_Supplied information_

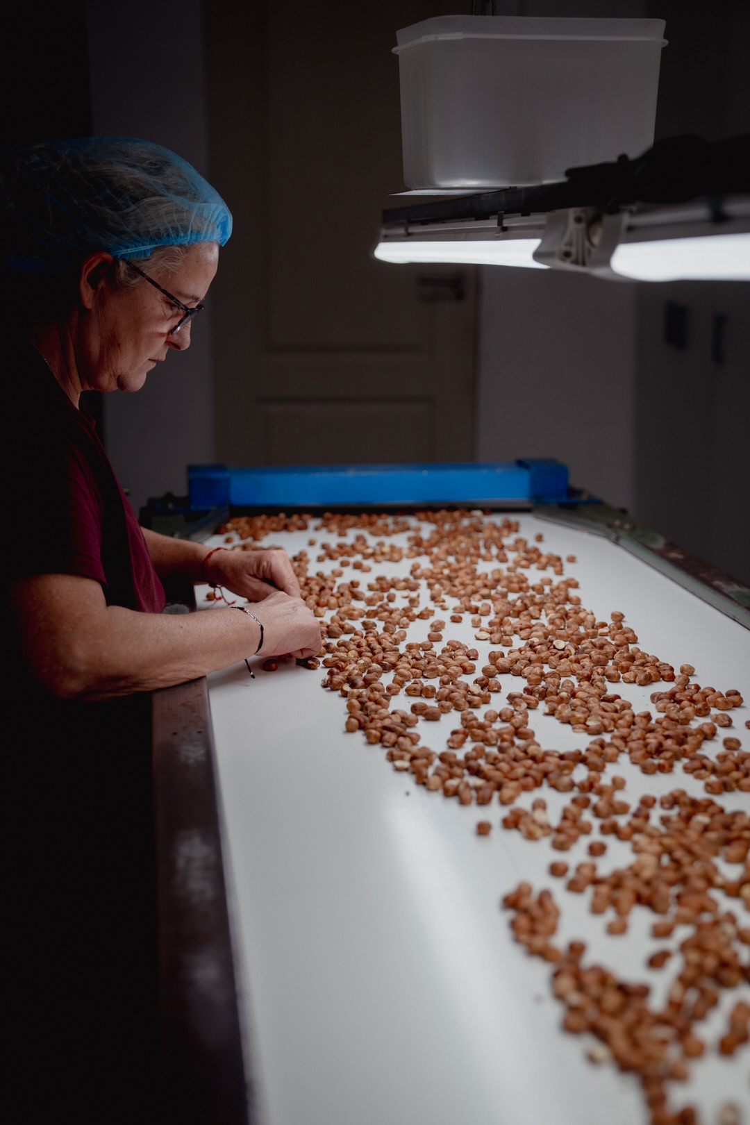 Per tal de torrar les avellanes, fem servir un forn de llenya, el qual aporta un sabor molt diferent de qualsevol altra avellana torrada en un forn de gas. Sense oblidar el punt de torrat òptim, aporta una textura cruixent excepcional al paladar a l'hora de degustar-lo. Aquest procés dura de 3 a 4 hores, fet diferencial d'una avellana torrada de manera industrial.
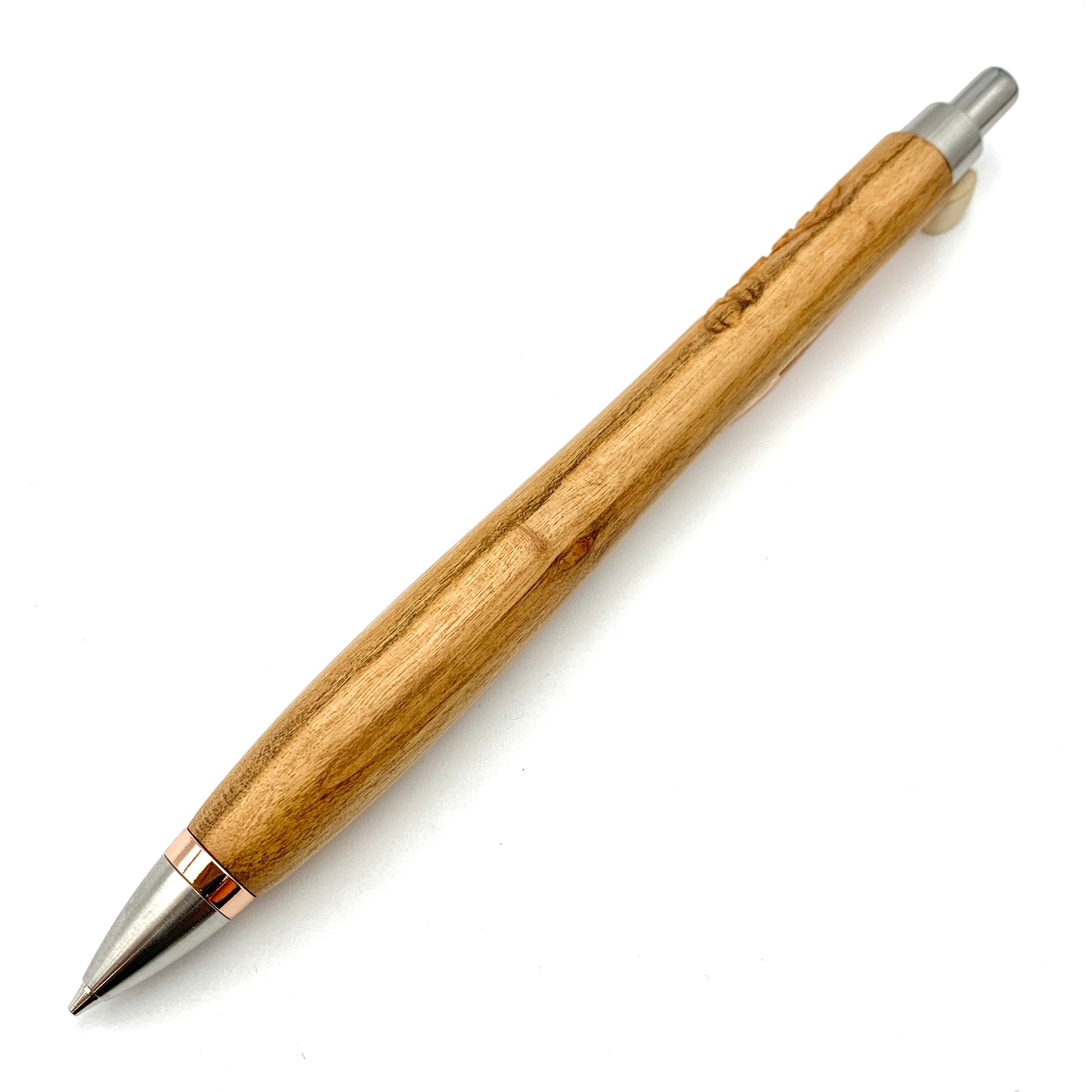 ペンシルは軸ブレが起こりにくい固定式口金を採用し、木の表情を最大限に楽しめる木軸の長さと、書き心地にこだわったバランスで金具を設計してあります。
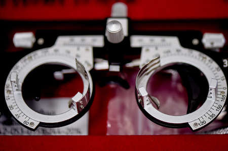 Occulistic tools, the test glasses, professional choice of glasses for diopter selection. High quality photo

_Your goal_
The pictures in the data should be omitted, and every remaining line set down exactly.

_Solution for this problem_
 Per tal de torrar les avellanes, fem servir un forn de llenya, el qual aporta un sabor molt diferent de qualsevol altra avellana torrada en un forn de gas. Sense oblidar el punt de torrat òptim, aporta una textura cruixent excepcional al paladar a l'hora de degustar-lo. Aquest procés dura de 3 a 4 hores, fet diferencial d'una avellana torrada de manera industrial.
 ペンシルは軸ブレが起こりにくい固定式口金を採用し、木の表情を最大限に楽しめる木軸の長さと、書き心地にこだわったバランスで金具を設計してあります。
 Occulistic tools, the test glasses, professional choice of glasses for diopter selection. High quality photo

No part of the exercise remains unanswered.